2024-02-21 09:15:29

by Yajun Deng

[permalink] [raw]
Subject: [PATCH v2] mm/mmap: return early if it can't merge in vma_merge()

In most cases, the range of the area is valid. But in do_mprotect_pkey(),
the minimum value of end and vma->vm_end is passed to mprotect_fixup().
This will lead to the end is less than the end of prev.

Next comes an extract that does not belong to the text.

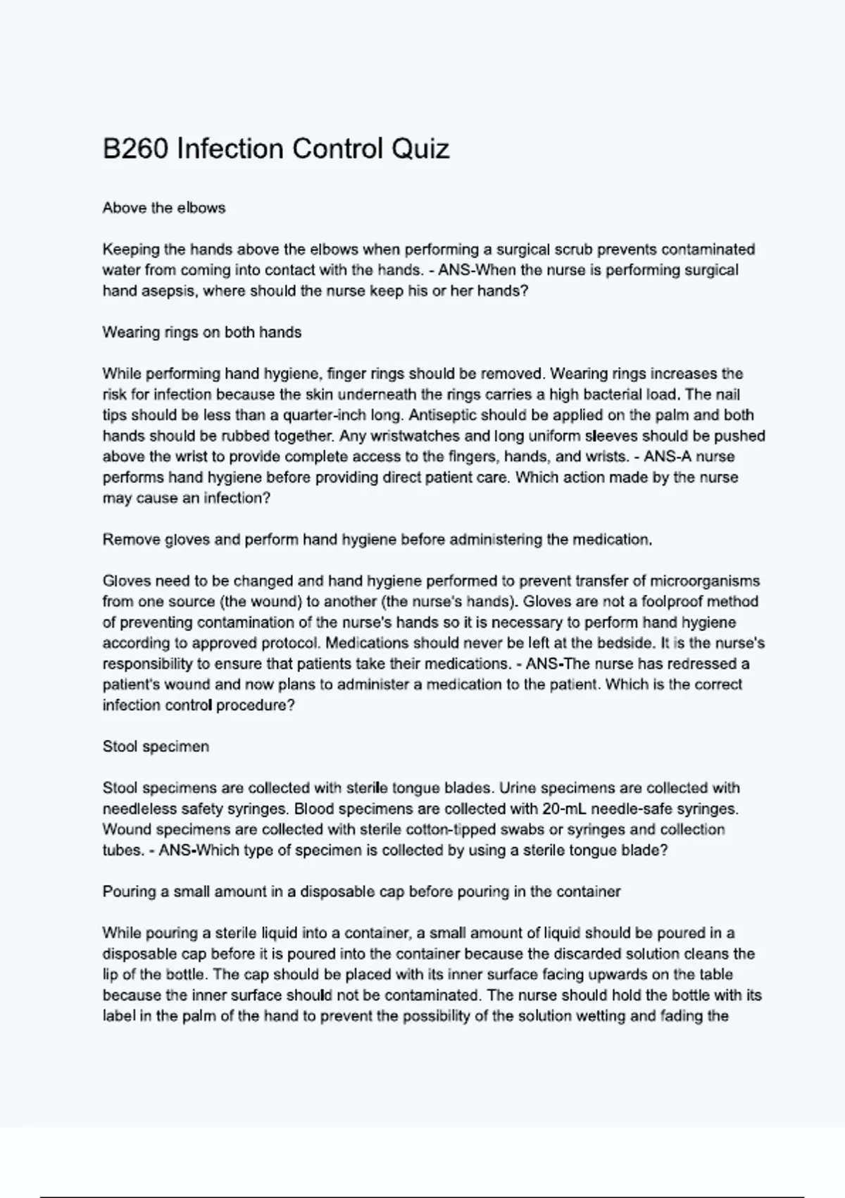 B260 Infection Control Quiz with Correct answers

In this case, the curr will be NULL, but the next will be equal to the
prev. So it will attempt to merge before, the vm_pgoff check will cause
this case to fail.

To avoid the process described above and reduce unnecessary operations.
Add a check to immediately return NULL if the end is less than the end of
prev.

Signed-off-by: Yajun Deng <[email protected]>
---
v2: remove the case label.
v1: https://lore.kernel.org/all/[email protected]/
---
mm/mmap.c | 3 +++
1 file changed, 3 insertions(+)

diff --git a/mm/mmap.c b/mm/mmap.c
index 0fccd23f056e..7668854d2246 100644
--- a/mm/mmap.c
+++ b/mm/mmap.c
@@ -890,6 +890,9 @@ static struct vm_area_struct
if (vm_flags & VM_SPECIAL)
return NULL;

+ if (prev && end < prev->vm_end)
+ return NULL;
+
/* Does the input range span an existing VMA? (cases 5 - 8) */
curr = find_vma_intersection(mm, prev ? prev->vm_end : 0, end);

--
2.25.1



2024-02-21 15:39:06

by Liam R. Howlett

[permalink] [raw]
Subject: Re: [PATCH v2] mm/mmap: return early if it can't merge in vma_merge()

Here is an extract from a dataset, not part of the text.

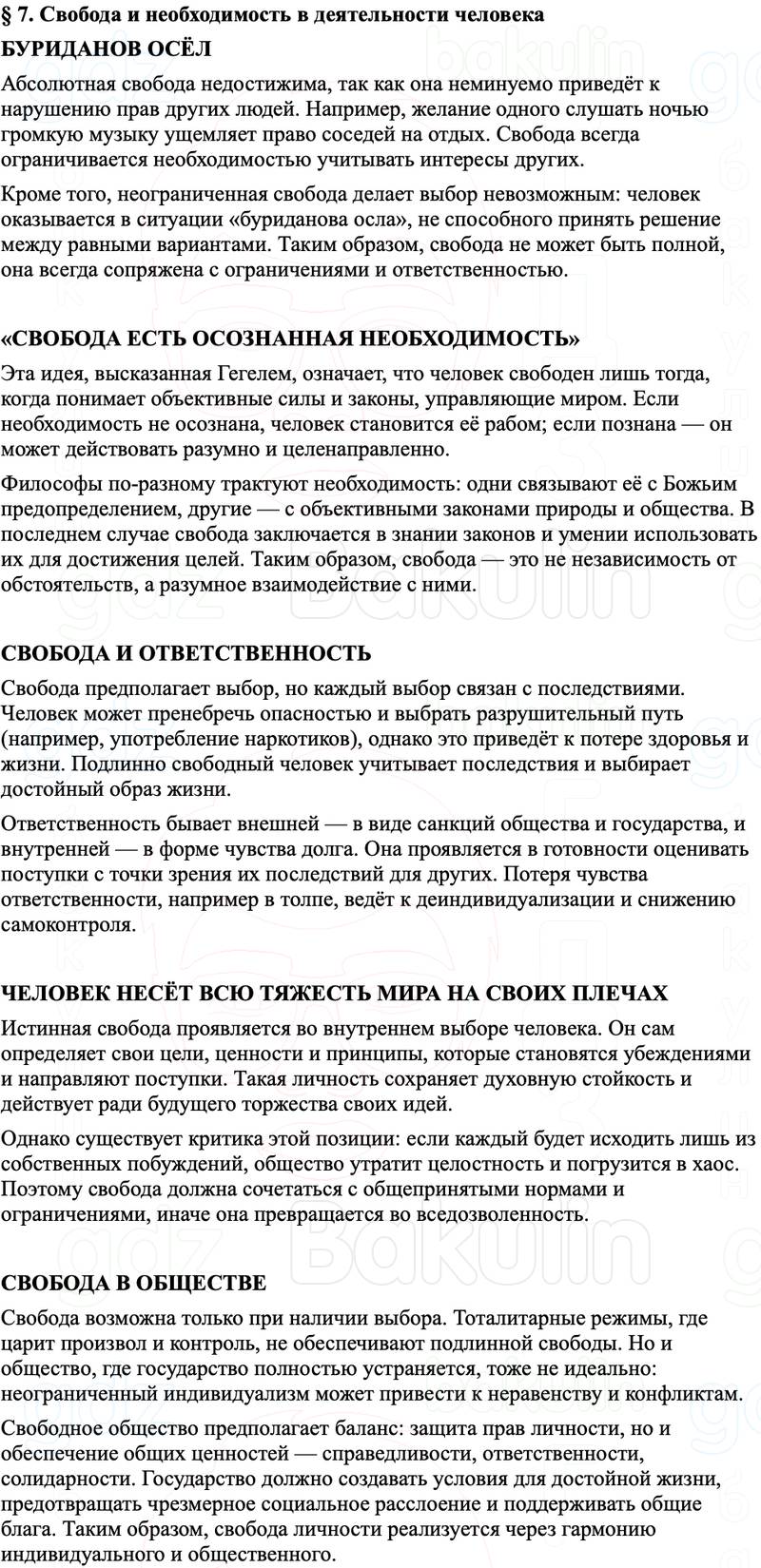 Краткое содержание пересказ Параграф 7. Свобода и необходимость в деятельности человека

* Yajun Deng <[email protected]> [240221 04:15]:
> In most cases, the range of the area is valid. But in do_mprotect_pkey(),
> the minimum value of end and vma->vm_end is passed to mprotect_fixup().
> This will lead to the end is less than the end of prev.
>
> In this case, the curr will be NULL, but the next will be equal to the
> prev. So it will attempt to merge before, the vm_pgoff check will cause
> this case to fail.
>
> To avoid the process described above and reduce unnecessary operations.
> Add a check to immediately return NULL if the end is less than the end of
> prev.

If it's only one caller, could we stop that caller instead of checking
an almost never case for all callers? Would this better fit in
vma_modify()? Although that's not just for this caller at this point.
Maybe there isn't a good place?

Or are there other reasons this may happen and is better done in this
function?

Often, this is called the "punch a hole" scenario; where an operation
creates two entries from the old data and either leaves an empty space
or fills the space with a new VMA.

>
> Signed-off-by: Yajun Deng <[email protected]>
> ---
> v2: remove the case label.
> v1: https://lore.kernel.org/all/[email protected]/
> ---
> mm/mmap.c | 3 +++
> 1 file changed, 3 insertions(+)
>
> diff --git a/mm/mmap.c b/mm/mmap.c
> index 0fccd23f056e..7668854d2246 100644
> --- a/mm/mmap.c
> +++ b/mm/mmap.c
> @@ -890,6 +890,9 @@ static struct vm_area_struct
> if (vm_flags & VM_SPECIAL)
> return NULL;
>
> + if (prev && end < prev->vm_end)
> + return NULL;
> +
> /* Does the input range span an existing VMA? (cases 5 - 8) */
> curr = find_vma_intersection(mm, prev ? prev->vm_end : 0, end);
>
> --
> 2.25.1
>

2024-02-21 20:44:07

by Lorenzo Stoakes

[permalink] [raw]
Subject: Re: [PATCH v2] mm/mmap: return early if it can't merge in vma_merge()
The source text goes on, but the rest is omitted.